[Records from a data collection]
== Segment start ==

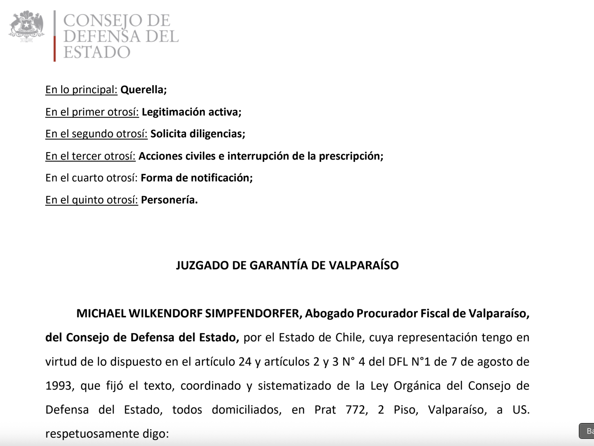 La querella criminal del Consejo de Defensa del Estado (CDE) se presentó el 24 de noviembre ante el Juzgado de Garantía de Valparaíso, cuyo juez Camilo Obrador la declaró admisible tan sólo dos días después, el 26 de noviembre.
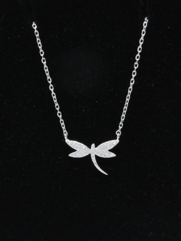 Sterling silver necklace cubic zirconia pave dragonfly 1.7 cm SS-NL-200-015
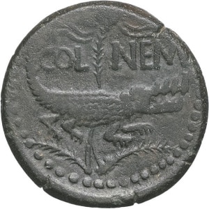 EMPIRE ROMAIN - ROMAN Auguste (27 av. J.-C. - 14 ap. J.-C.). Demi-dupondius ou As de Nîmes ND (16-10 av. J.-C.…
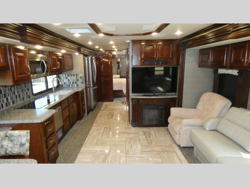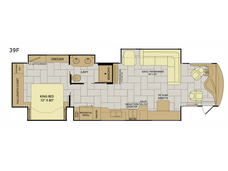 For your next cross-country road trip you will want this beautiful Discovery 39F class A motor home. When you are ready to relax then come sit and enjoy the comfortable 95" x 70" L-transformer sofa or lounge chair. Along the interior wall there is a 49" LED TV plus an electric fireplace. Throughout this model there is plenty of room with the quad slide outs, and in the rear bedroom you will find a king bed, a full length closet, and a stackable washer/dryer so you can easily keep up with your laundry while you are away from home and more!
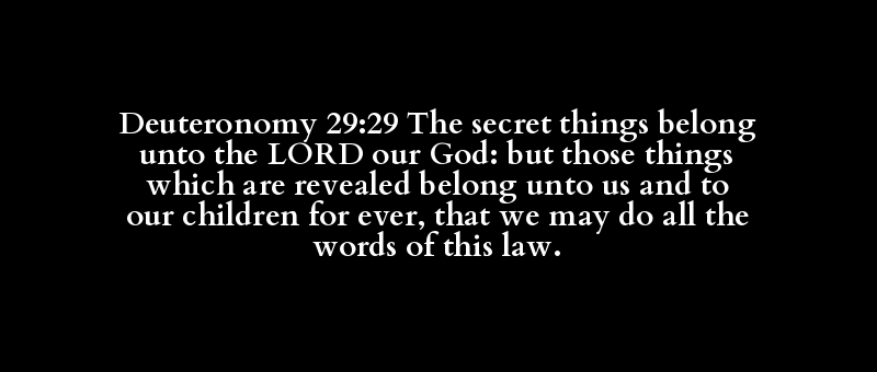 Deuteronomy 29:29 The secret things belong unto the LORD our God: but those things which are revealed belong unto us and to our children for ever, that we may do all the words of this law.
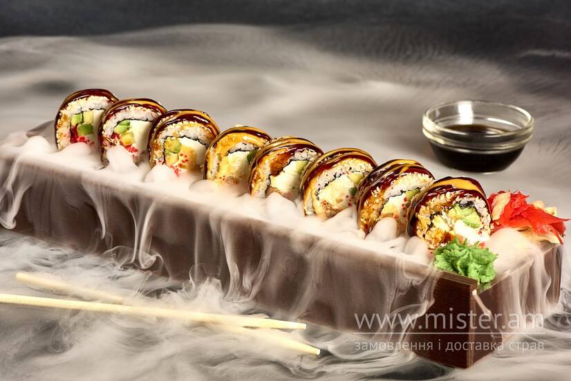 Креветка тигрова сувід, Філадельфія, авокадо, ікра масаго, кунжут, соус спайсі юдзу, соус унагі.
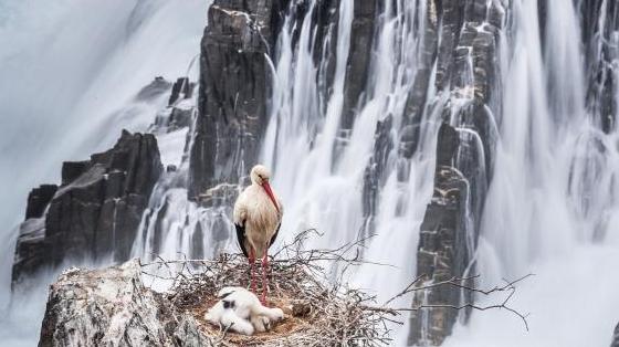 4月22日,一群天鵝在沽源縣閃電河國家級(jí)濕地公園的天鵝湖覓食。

== Segment end ==

Activity: Whatever pictures the entries contain, omit them, and write the rest out exactly.

Answer to this problem:
 La querella criminal del Consejo de Defensa del Estado (CDE) se presentó el 24 de noviembre ante el Juzgado de Garantía de Valparaíso, cuyo juez Camilo Obrador la declaró admisible tan sólo dos días después, el 26 de noviembre.
 Sterling silver necklace cubic zirconia pave dragonfly 1.7 cm SS-NL-200-015
 EMPIRE ROMAIN - ROMAN Auguste (27 av. J.-C. - 14 ap. J.-C.). Demi-dupondius ou As de Nîmes ND (16-10 av. J.-C.…
 For your next cross-country road trip you will want this beautiful Discovery 39F class A motor home. When you are ready to relax then come sit and enjoy the comfortable 95" x 70" L-transformer sofa or lounge chair. Along the interior wall there is a 49" LED TV plus an electric fireplace. Throughout this model there is plenty of room with the quad slide outs, and in the rear bedroom you will find a king bed, a full length closet, and a stackable washer/dryer so you can easily keep up with your laundry while you are away from home and more!
 Deuteronomy 29:29 The secret things belong unto the LORD our God: but those things which are revealed belong unto us and to our children for ever, that we may do all the words of this law.
 Креветка тигрова сувід, Філадельфія, авокадо, ікра масаго, кунжут, соус спайсі юдзу, соус унагі.
 4月22日,一群天鵝在沽源縣閃電河國家級(jí)濕地公園的天鵝湖覓食。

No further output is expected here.